Greetings, and welcome to the Manitex International Incorporated First Quarter 2021 Results Conference Call. During the presentation, all participants will be in listen-only only mode. Afterward, we will conduct a question-and-answer session. [Operator Instructions] As a reminder, this conference is being recorded.
I would now like to turn the conference over to Steve Filipov, Chief Executive Officer. Please go ahead. .
Thank you, operator. Good afternoon ladies and gentlemen, and thank you for your continued interest in Manitex International. I hope everyone is safe and healthy and appreciate everyone taking the time to listen to our call. Today on the call with me, I have Joe Doolan, our CFO, who will discuss in more detail our financial results.
Please see our website or our release for replay instructions for this call, which will be available until May 13, 2021. Moving to slide 2, which is our safe harbor statement and remind you that everything we discuss is subject to change and described in our SEC filings for further guidance on the many risk factors associated with our company.
I will begin with a business update for our first quarter, followed by Joe, who will present a financial summary. After which we will welcome your questions. Now, let's begin on slide 3.
The global Manitex team delivered another good quarter of improvement and I want to thank our team for continuing to keep focused on the fundamentals of safety quality, cost and delivery.
Our revenues trended in the right direction with a 4% improvement over the fourth quarter of 2020 and our third consecutive quarter of consistent EBITDA improvement. With over $100 million of backlog, we are seeing a healthy recovery in global markets and all businesses are ramping up to meet this demand.
Our transformation strategy to develop our growth businesses in knuckle booms, area work platforms and electric vehicles is starting to gain significant traction. And with our North American straight mast business, now starting to turn around, we see a positive trend to growth in 2021 and beyond.
From an operational perspective, we continue to strengthen our COVID-19 safety protocols and have seen lighter periodic shutdowns. But overall, we are seeing the majority of our markets return to growth. We are ramping up to meet increased demand across all businesses.
And as we ramp, we are dealing with the daily challenges of availability and pricing of components. We have an experienced management team, who has dealt with these challenges in the past, and we are confident we will mitigate them as best we can.
Joe will comment further on our liquidity and balance sheet, but with $28 million in total cash and credit availability, we feel Manitex is on solid ground for our future growth plans. Please turn to slide 4.
All of our businesses experienced improved performance in Q1 and most notably was a straight mast market, which was the main driver of sequential growth after several quarters of market deterioration. Many, if not all of our dealers in North America are seeing improved quote activity. Rental fleet utilization is improving.
Customer sentiment is at pre-pandemic highs. And all of these are positive signs of an expected improvement in the North American crane market for 2021. Anecdotally, we know the utilization rates at some of our dealers have gone from the lows of 40% to north of 70%, which is a healthy indicator of activity in the markets our products serve.

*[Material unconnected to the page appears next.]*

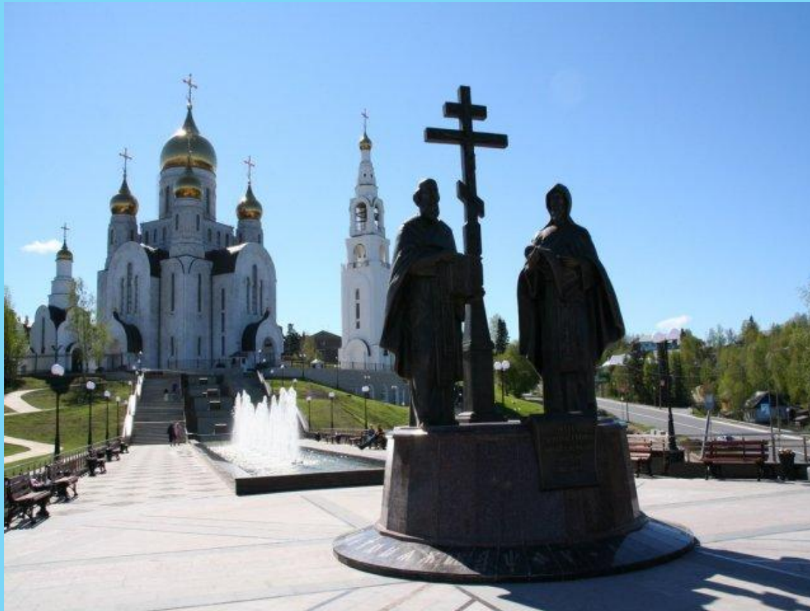
Памятники святым равноапостольным Кириллу и Мефодию

Our Manitex articulating crane sales team in North America or MAC is also gaining traction, starting with an additional order for a follow-on military customer. But most importantly, we are seeing the specialized lifting market growing in tree care, utilities, forming and waste management.

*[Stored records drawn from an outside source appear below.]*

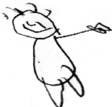
Figura 1. Dibujo realizado por un estudiante con discapacidad intelectual.
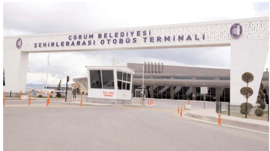
Geçen ay en fazla fiyat düşüşü yüzde 6,25 ile kara yolu ile şehirler arası yolcu taşımacılığında gerçekleşti.

Geçen ay en fazla fiyat düşüşü ise yüzde 6,25 ile kara yolu ile şehirler arası yolcu taşımacılığında gerçekleşti. Bunu yüzde 5,01 ile sebzeler, yüzde 3,79 ile kadın giyimi, yüzde 2,15 ile erkek giyimi, yüzde 1,91 ile diğer katı ve sıvı yağlar, yüzde 1,29 ile ta-
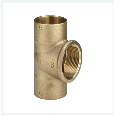
T-Stück Modell 94130G Artikel 101 978

Our PM Group management team continues to make the necessary improvements to grow our businesses globally. Demand from European markets in North America have led the backlog and sales growth at PM for the past few months.
But with strong exposure to commodities, we are also seeing an increase in demand coming from Chile and Argentina, which are trending in the right direction for us. Each of our top and geographic markets show good growth this year.
Demand for our oil and steel aerial products is mainly driven by the sales and distribution plan, we implemented in 2020 and we are now seeing these improvements taking hold in our top European markets, with Italy, France, Spain and the UK all showing positive growth for us.
Last but not least, we remain very excited about our zero-emission Valla products, as demand for cleaner lifting technology is gaining traction and our team continues to deliver new products to the market with a new 3.6-ton crane launch this quarter.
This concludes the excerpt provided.